### [Records provided]

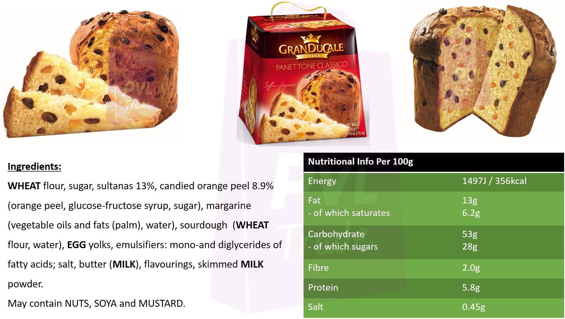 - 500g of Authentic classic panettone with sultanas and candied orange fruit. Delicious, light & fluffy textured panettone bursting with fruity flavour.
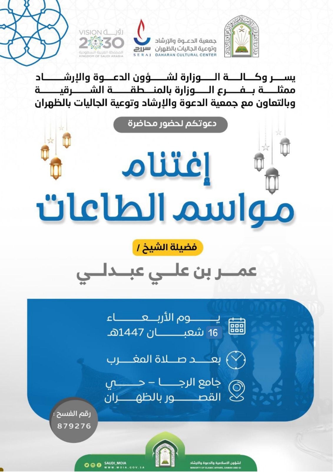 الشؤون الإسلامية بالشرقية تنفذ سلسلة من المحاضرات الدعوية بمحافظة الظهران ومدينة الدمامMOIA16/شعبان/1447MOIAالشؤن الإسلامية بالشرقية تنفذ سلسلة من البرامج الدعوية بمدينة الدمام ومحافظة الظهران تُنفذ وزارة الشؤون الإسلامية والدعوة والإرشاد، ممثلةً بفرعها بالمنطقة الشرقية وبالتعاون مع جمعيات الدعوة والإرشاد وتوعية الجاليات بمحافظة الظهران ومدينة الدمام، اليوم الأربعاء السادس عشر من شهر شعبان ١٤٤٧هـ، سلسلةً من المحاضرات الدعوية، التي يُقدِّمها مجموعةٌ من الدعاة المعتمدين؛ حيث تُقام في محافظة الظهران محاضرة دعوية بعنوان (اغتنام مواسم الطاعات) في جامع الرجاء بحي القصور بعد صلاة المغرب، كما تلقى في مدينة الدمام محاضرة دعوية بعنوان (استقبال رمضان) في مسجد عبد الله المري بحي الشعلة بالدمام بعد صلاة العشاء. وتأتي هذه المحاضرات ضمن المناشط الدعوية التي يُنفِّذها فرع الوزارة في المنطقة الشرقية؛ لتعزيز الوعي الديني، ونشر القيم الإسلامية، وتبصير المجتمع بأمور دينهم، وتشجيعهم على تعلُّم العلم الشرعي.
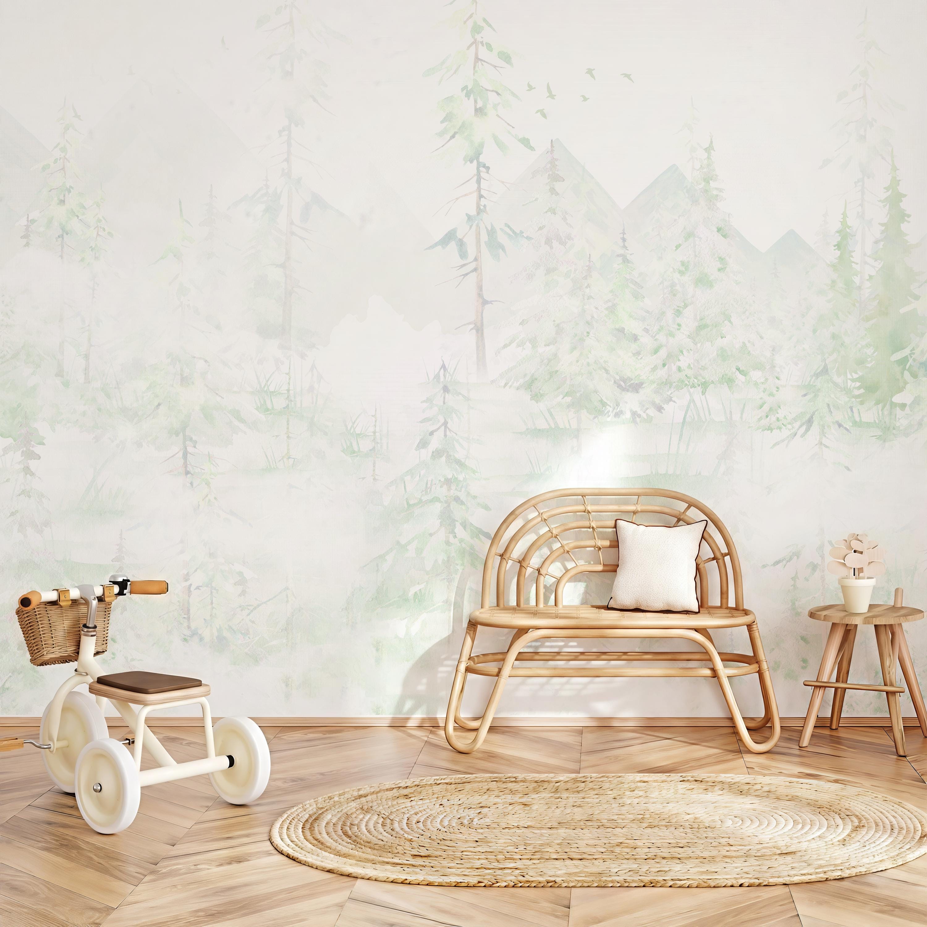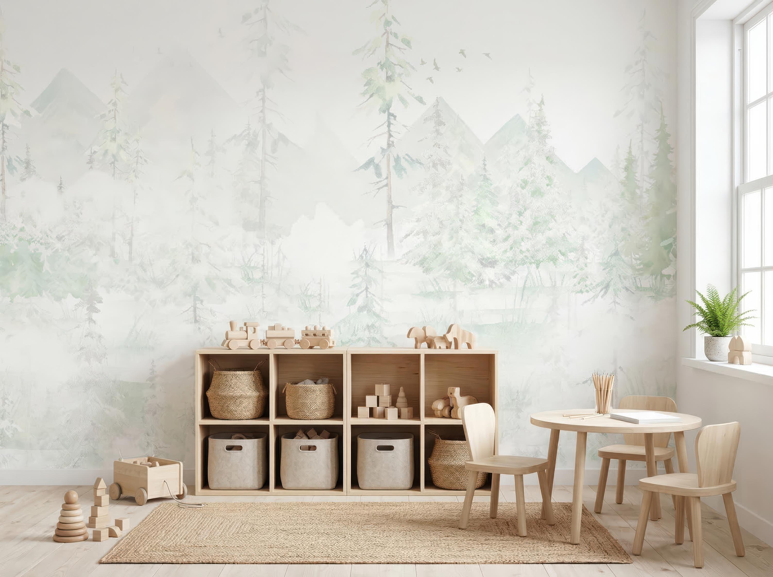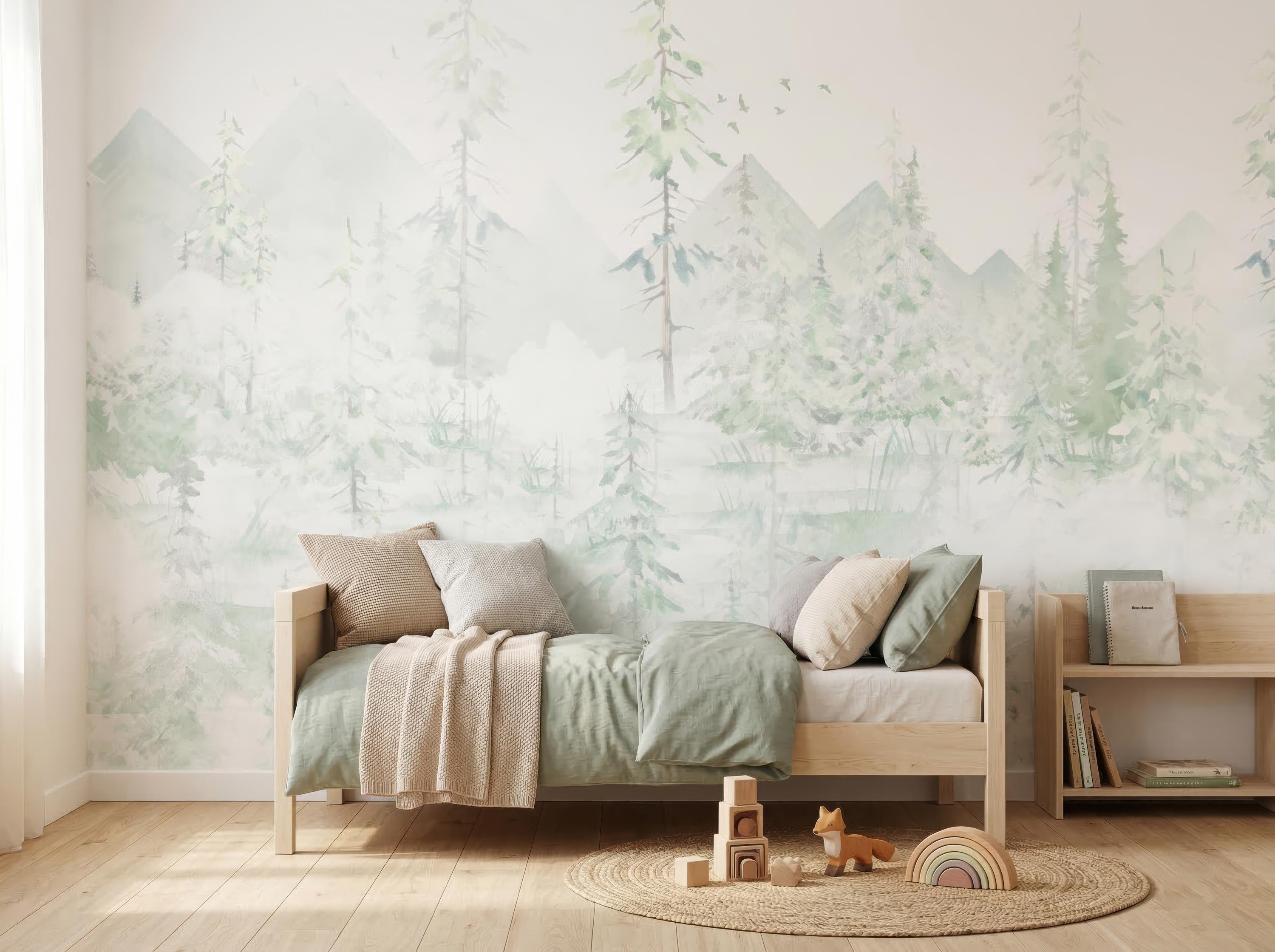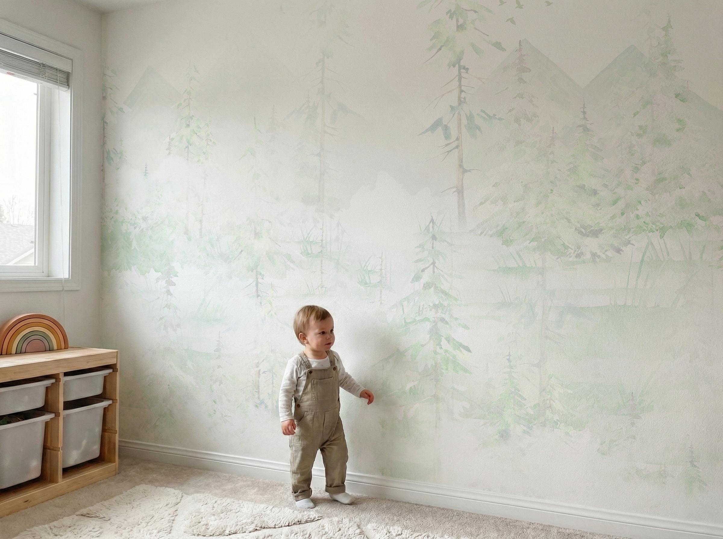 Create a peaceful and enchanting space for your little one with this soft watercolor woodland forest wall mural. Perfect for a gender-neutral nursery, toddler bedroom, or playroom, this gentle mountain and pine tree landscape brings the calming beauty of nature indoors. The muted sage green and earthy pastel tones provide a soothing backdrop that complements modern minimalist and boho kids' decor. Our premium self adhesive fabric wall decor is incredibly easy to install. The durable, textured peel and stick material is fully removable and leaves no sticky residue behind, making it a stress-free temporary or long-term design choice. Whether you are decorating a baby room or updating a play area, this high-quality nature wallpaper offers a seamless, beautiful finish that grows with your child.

* * *

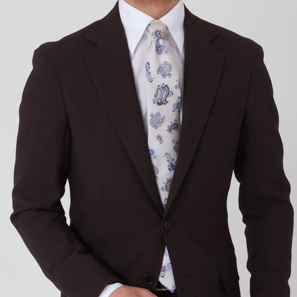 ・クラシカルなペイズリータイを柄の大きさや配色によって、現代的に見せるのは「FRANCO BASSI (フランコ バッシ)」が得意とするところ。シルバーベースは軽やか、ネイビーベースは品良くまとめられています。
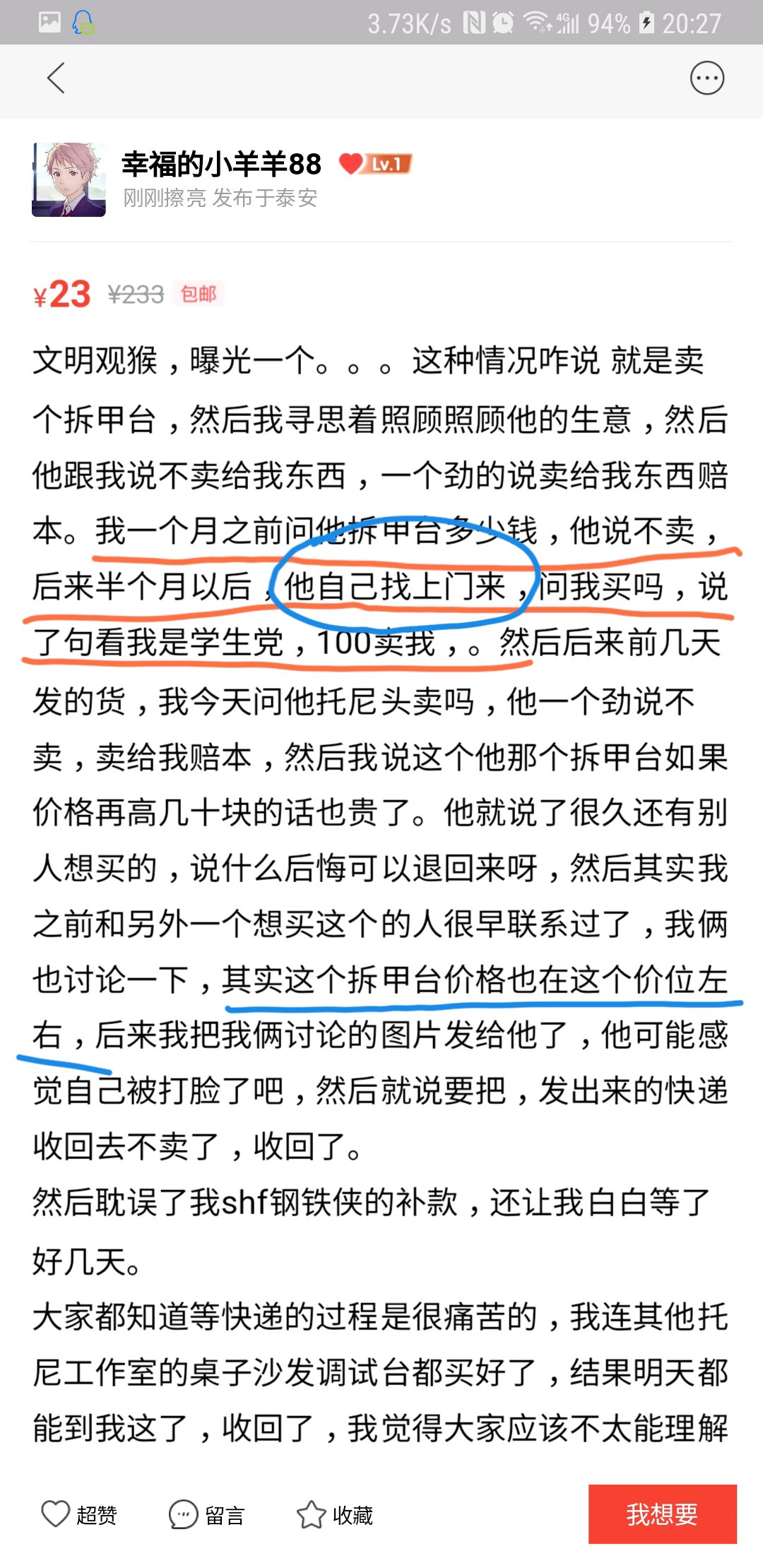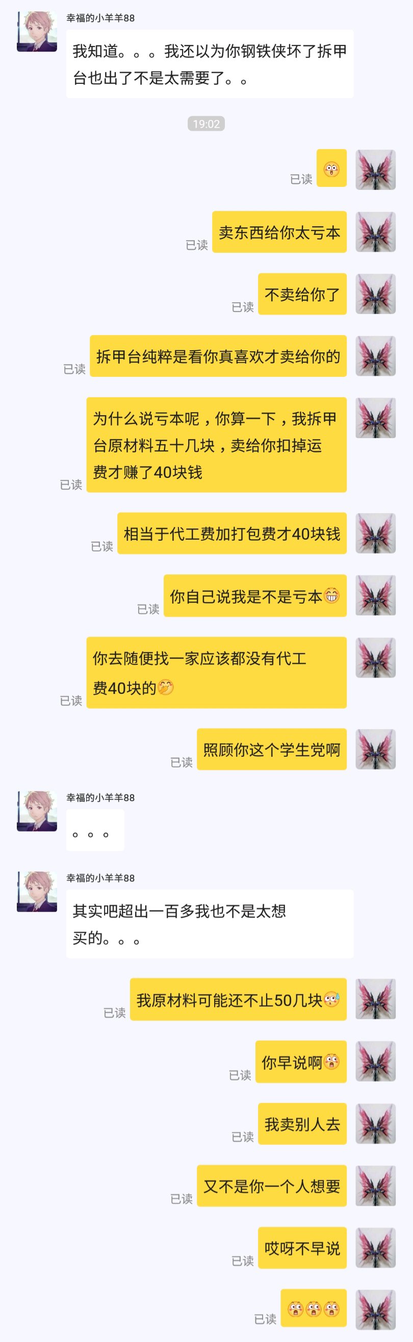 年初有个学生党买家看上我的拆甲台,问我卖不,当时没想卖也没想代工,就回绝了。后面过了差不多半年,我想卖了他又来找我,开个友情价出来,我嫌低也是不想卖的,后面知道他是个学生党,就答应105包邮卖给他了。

### [Your goal]
Within the entries above, give again exactly the lines starting at the one that contains "BASSI (フランコ バッシ)」が得意とするところ。シルバーベースは軽やか、ネイビーベースは品良くまとめられています。" and ending at the one that contains "年初有个学生党买家看上我的拆", leaving out the pictures.

### [Result for this exercise]
 ・クラシカルなペイズリータイを柄の大きさや配色によって、現代的に見せるのは「FRANCO BASSI (フランコ バッシ)」が得意とするところ。シルバーベースは軽やか、ネイビーベースは品良くまとめられています。
 年初有个学生党买家看上我的拆甲台,问我卖不,当时没想卖也没想代工,就回绝了。后面过了差不多半年,我想卖了他又来找我,开个友情价出来,我嫌低也是不想卖的,后面知道他是个学生党,就答应105包邮卖给他了。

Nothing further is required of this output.